While the Italian newspapers printed claims that Leonardo, the former AC Milan manager, was being primed to take over from the Spaniard, club president Massimo Moratti declined to confirm Benitez had been officially sacked but did say the situation was complicated.
"We are trying to understand what's going on, this situation is a bit of a mess," Moratti told reporters yesterday.
"Everything that happened was a bit unexpected, we are considering every point of view."
Widespread media reports said Benitez was in the process of being removed after just six months in charge of the European and Italian champions given his injury-hit side's poor domestic form and Saturday's shock outburst about a lack of signings.
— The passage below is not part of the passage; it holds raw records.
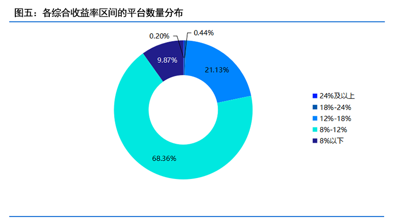 主流综合收益率区间仍分布在8%-12%,平台占比为68.36%,较上月上升0.44个百分点;其次为综合收益率在12%-18%的平台,占比为21.13%,8%以下低息平台占比有所上升,为9.87%,24%及以上的高息平台占比仅为0.20%。
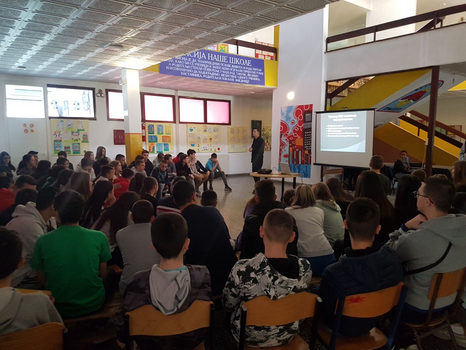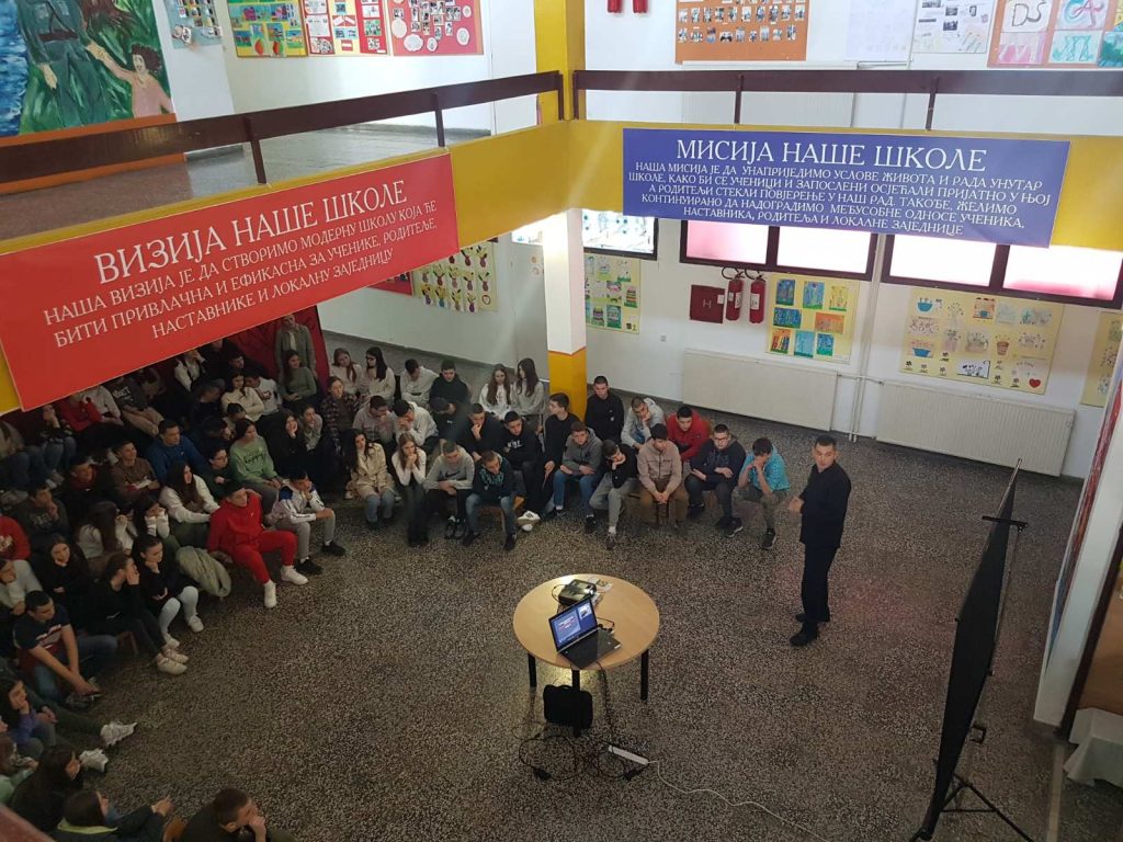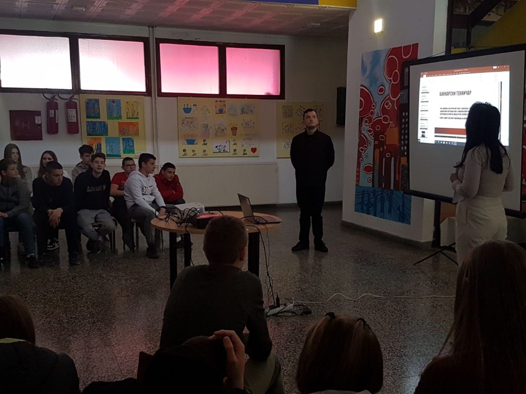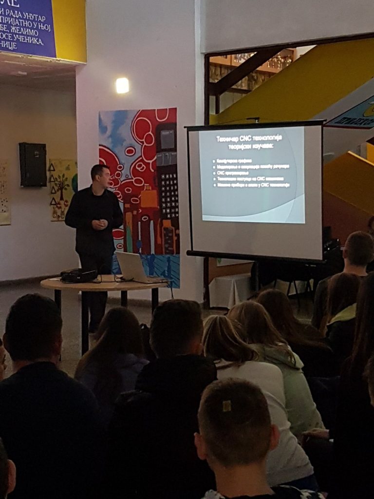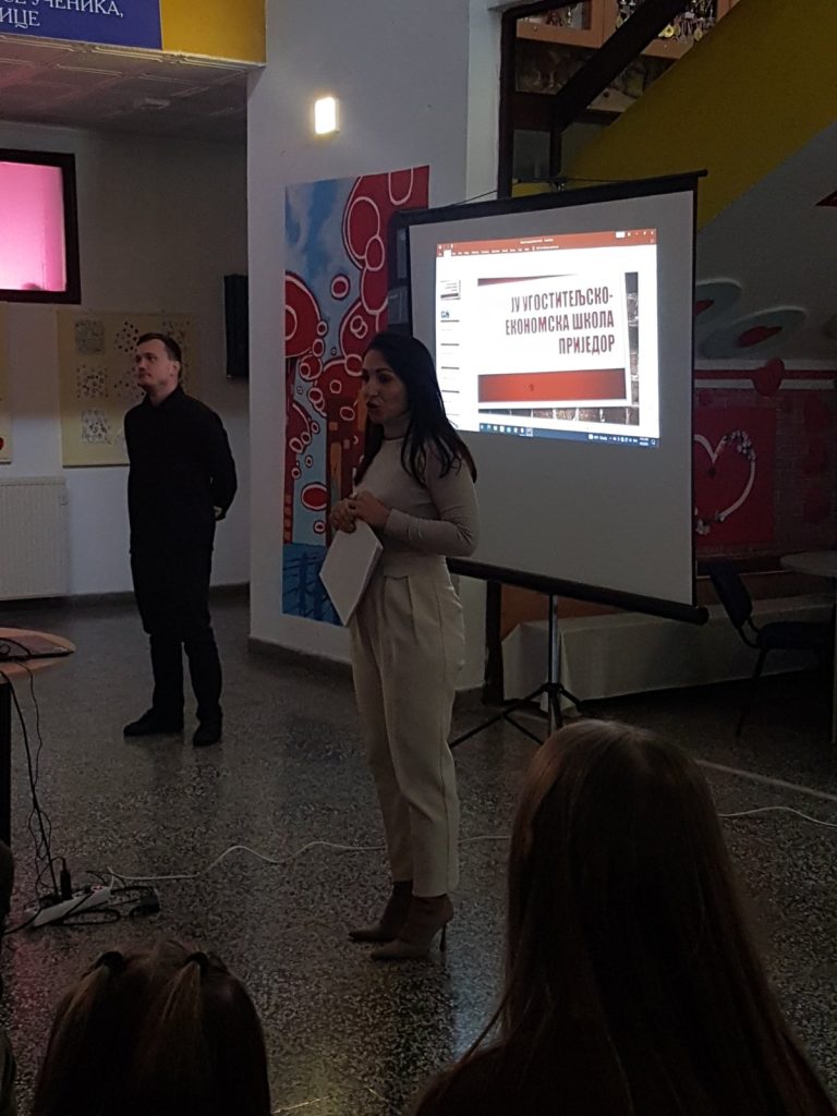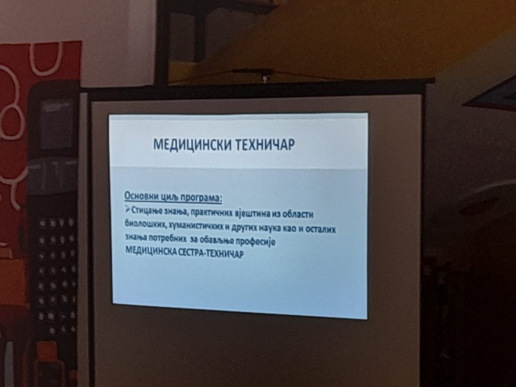 Нашу школу су данас посјетили професори и ученици приједорских средњих школа који су презентовали свој рад и планове за предстојећи уписни рок. На овај начин су мали матуранти сазнали које смјерове или занимања нуде средње школе, који су услови уписа и услови школовања у појединим школама. Презентације су одржале: Електротехничка, Машинска, Медицинско-грађевинска и Економска школа. Предавања су одржана у склопу професионалне оријентације за ученике деветог разреда.
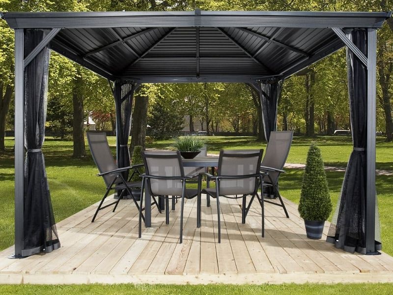 Hliníkový altán vám vytvoří příjemné místo pro odpočinek hned vedle vašeho domu nebo kdekoliv na zahradě.
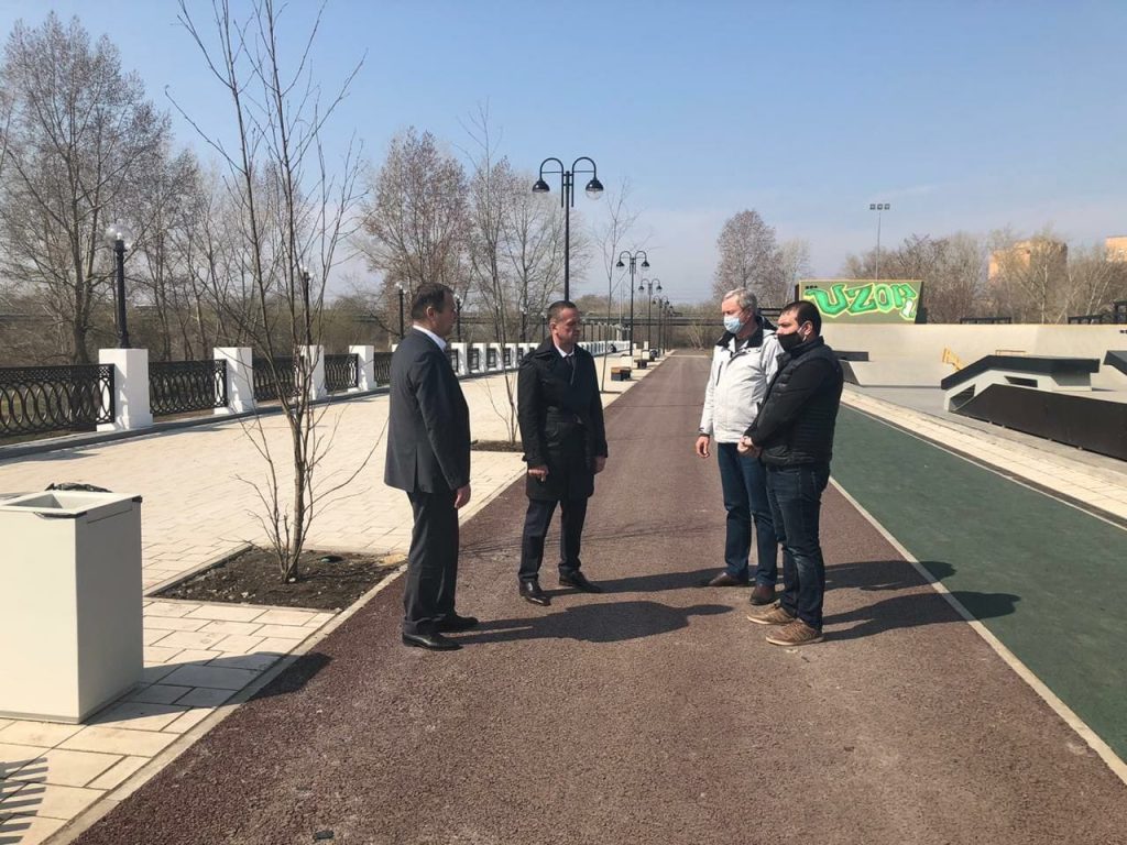 Владимир Ильиных осмотрел скейт-площадку, детскую игровую зону, беговые дорожки. Здесь глава города отметил некоторые замечания по состоянию резинового покрытия, которое было повреждено во время уборки снега. Они будут устранены при наступлении постоянной температуры выше +12, как того требует технология укладки покрытия.
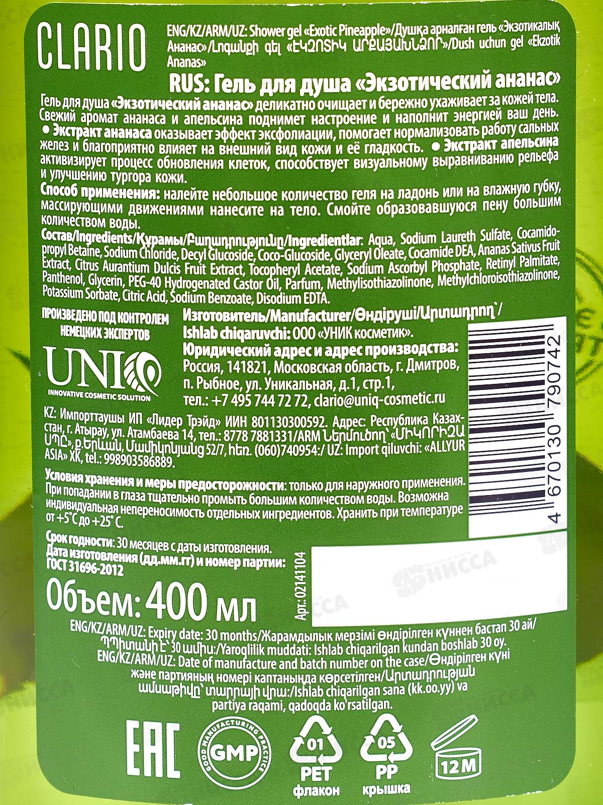 Clario Гель для душа Экзотический Ананас 400мл *5
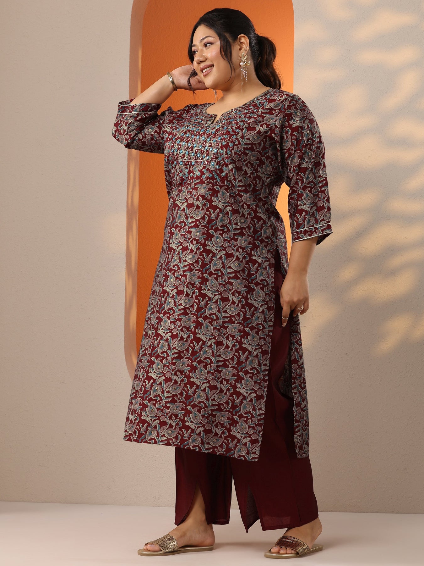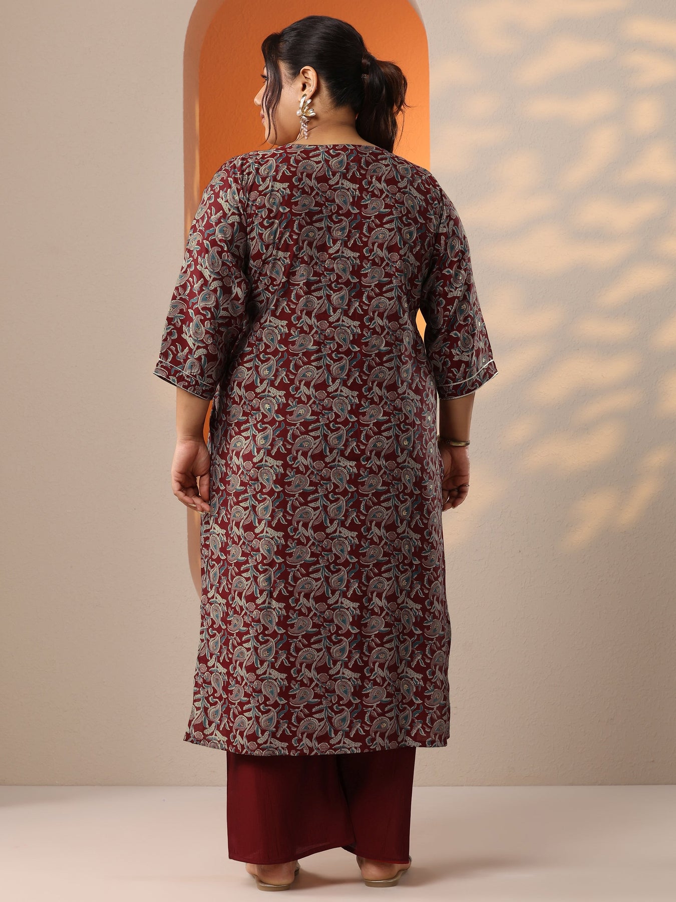 Our 2-piece maroon silk blend straight-fit features a sweetheart neckline, regular sleeves, and statement yoke. Complemented with straight pants with a partially elasticated waistband and 2 pockets. Adorned with floral prints, this style is perfect for dark festive occasions.
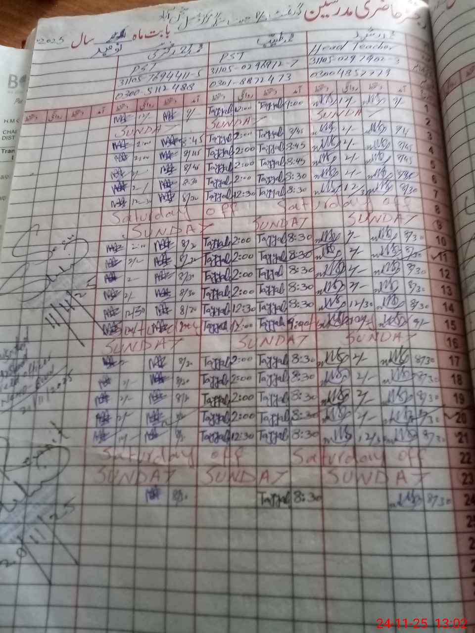 | Name: Mu**** Ra**** Designation: (School Headmaster's/Headmistress's) P S T Phone/Cell Number: 03**** |
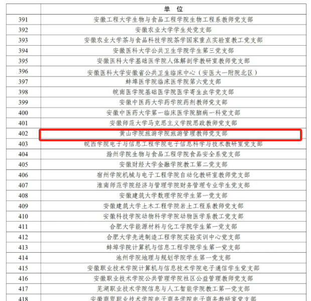 近日,教育部思想政治工作司发布《关于公布第四批全国党建工作示范高校、标杆院系、样板支部培育创建单位名单的通知》,共遴选产生10个全国党建工作示范高校、100个全国党建工作标杆院系、1001个全国党建工作样板支部。我校旅游学院旅游管理教师党支部成功入选第四批“全国党建工作样板支部”培育创建单位,这是我校首次获评国家级党建品牌。
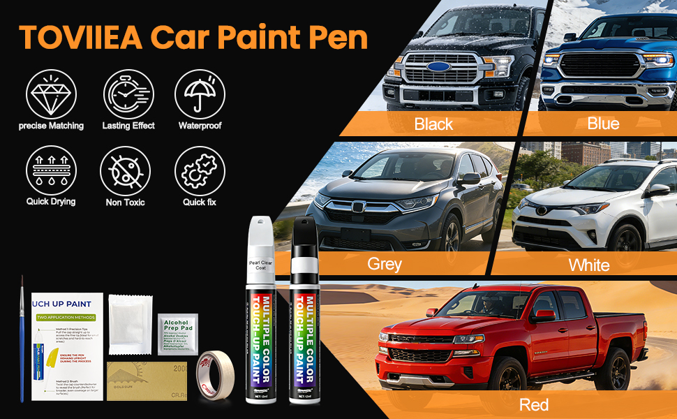 【نصائح تطبيق بسيطة】ابدأ بتنظيف وإزالة الشحوم من المنطقة المخدوشة. هز الطلاء لمدة 30 ثانية حتى يمتزج جيدًا. استخدم رأس القلم للرقائق الصغيرة والفرشاة المدمجة للضربات الأكبر. اختبره على ورق أبيض أولاً للتأكد من تطابق اللون والحصول على نتائج سلسة.
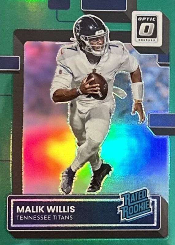 The Malik Willis 2022 Optic #203 Green /5 Rookie card in Raw condition has not changed in price in the last 30 days and was last sold for $99.99 .

Former Liverpool manager Benitez, upset no new players were brought in during the close-season, gave Inter an ultimatum after their 3-0 Club World Cup final win over TP Mazembe that he would speak to his agent about his future if signings did not materialise in January.
Moratti said the comments were "inappropriate", sparking speculation Benitez had been sacked but Inter have made no official comment amid reports they are struggling to agree a severance package despite the coach having only a two-year deal.
When former Inter coach Roberto Mancini was axed in 2008, it took the club several days to officially confirm what every fan knew had been decided at a summit with Moratti.
Former Milan coach Leonardo, who left Inter's city rivals after just one season in management in May, has been made favourite to succeed Benitez after Zenit St Petersburg said their boss Luciano Spalletti, the former Roma manager, was staying.
"I haven't had a way of talking to any other coach. I haven't met Leonardo," Moratti added.
The idea of a Milan coach managing their big rivals just a season later may seem alien to many fotball fans but such a move would be nothing new for Italian football with players and managers often swapping between the big clubs.
Former Inter talisman Zlatan Ibrahimovic is now excelling at Serie A leaders Milan and they have built up a 13-point advantage over seventh-placed Inter, whose hopes of a sixth straight scudetto look unlikely.
In an interview with Gazzetta dello Sport in September, Brazilian Leonardo said he would not be averse to one day coaching Inter having left Milan after having had a falling out with club owner Silvio Berlusconi.
"Me and Moratti have known each other for years," Leonardo said. "Never say never."